MARTIRANO, Bernardino
– Nacque a Cosenza intorno al 1490 da Giovan Battista, di antica nobiltà calabrese, come lo stesso M. ricorda in un libello rimasto manoscritto e intitolato Commentariolum de aliquibus antiquioribus patritiis Consentinis familiis. È ignoto il nome della madre, mentre conosciamo quelli dei fratelli Coriolano, Giovanni Antonio e Girolamo.
Notizie sul padre si ricavano dalla Descrittione di tutta Italia di Leandro Alberti, che delinea una figura di apprezzato poeta: «uomo di rado, et curioso ingegno, che con le sue argute, et ornate rime volgari, a i mortali fa intendere l’altezza, sottilità et delicatezza della sua dottrina». Il giudizio era tanto più autorevole poiché Alberti aveva conosciuto Giovan Battista a Cosenza nel 1526, in occasione di uno dei suoi viaggi lungo la penisola. Alcuni anni dopo, Giovan Battista si trasferì a Napoli, dove fu nominato reggente della Vicaria negli anni 1529 e 1530.

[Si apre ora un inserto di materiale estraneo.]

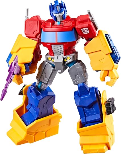 - INCLUDES 3 MEGATRON PARTS: Transformers Optimus Prime robot action figure comes with purple Megatron spinning mega cannon and 2 blasters, plus 5 armor-up accessories, including an energon axe

Il M. svolse i suoi primi studi a Cosenza, alla scuola di Aulo Giano Parrasio, nella quale si formarono, tra gli altri, anche Antonio Telesio, zio del filosofo Bernardino, Giovanni Antonio Cesario, Giovanni Antonio Pantusa e, più tardi, Carlo Giardino, Piero Cimino, Nicola Salerno, quest’ultimo amico del Martirano. In ricordo di questo magistero il M. curò l’edizione del commento di Parrasio all’Ars poetica di Orazio (In Q. Horatii Flacci Artem poeticam commentaria luculentissima), pubblicata a Napoli, per G. Sultzbach, nel 1531, quando l’autore era morto da circa un decennio. La lettera al cardinale Benedetto Accolti premessa al testo rappresenta l’unico scritto del M. dato alle stampe in vita, fatta eccezione per alcuni versi dedicati all’umanista campano Giovanni Francesco (Giano) Anisio, che li inserì nei suoi Variorum poematum libri duo (Napoli, G. Sultzbach, 1536, c. 32).

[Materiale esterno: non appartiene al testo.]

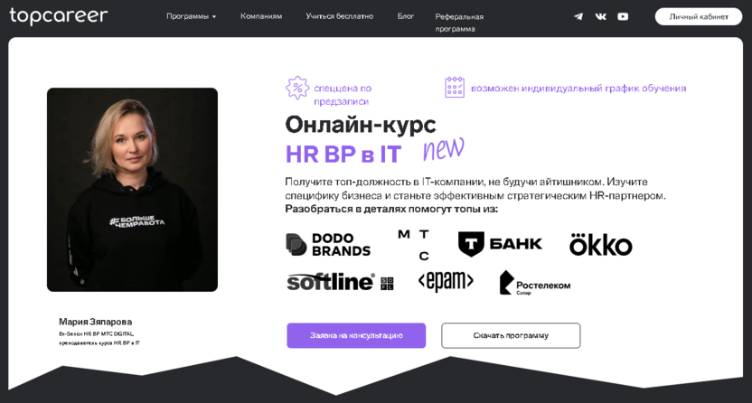 - TopCareer: удостоверение о повышении квалификации, экскурсии в IT-компании, личный куратор, обучение с фокусом на HR-стратегию и продуктовый подход.

Terminati gli studi a Cosenza, il M. si trasferì a Napoli, forse al seguito del padre, per dedicarsi molto probabilmente agli studi di giurisprudenza, dal momento che iniziò a svolgere funzioni e ad assumere ruoli sempre più importanti all’interno dell’amministrazione spagnola nel Regno. Fece parte del seguito del viceré Charles de Lannoy allorquando, nell’autunno del 1523, questi dovette recarsi in Lombardia «per li torbidi allora surti tra ’l pontefice Clemente VII e i comandanti delle truppe cesaree» (Spiriti, p. 53). In occasione di quella missione, protrattasi per alcuni anni, il M. ebbe modo di conoscere il conestabile Carlo di Borbone, passato dal campo francese a quello spagnolo, e di divenire in breve tempo suo fidato collaboratore. Il nome del M. compare in un documento stilato a Milano il 1° genn. 1527 in cui il Borbone, comandante delle truppe imperiali in Italia, reintegrava Girolamo Morone negli onori e nelle cariche – tranne in quella di cancelliere del Ducato di Milano – che aveva ricoperto prima di essere denunciato quale artefice di una congiura antimperiale. Alcuni mesi dopo, il 16 marzo, la firma del M., accanto a quella del Borbone, sigillò un decreto emanato in favore dello stesso Morone, affinché gli fosse rifusa una taglia da lui anticipata per sedare un tumulto di soldati imperiali rimasti senza paga.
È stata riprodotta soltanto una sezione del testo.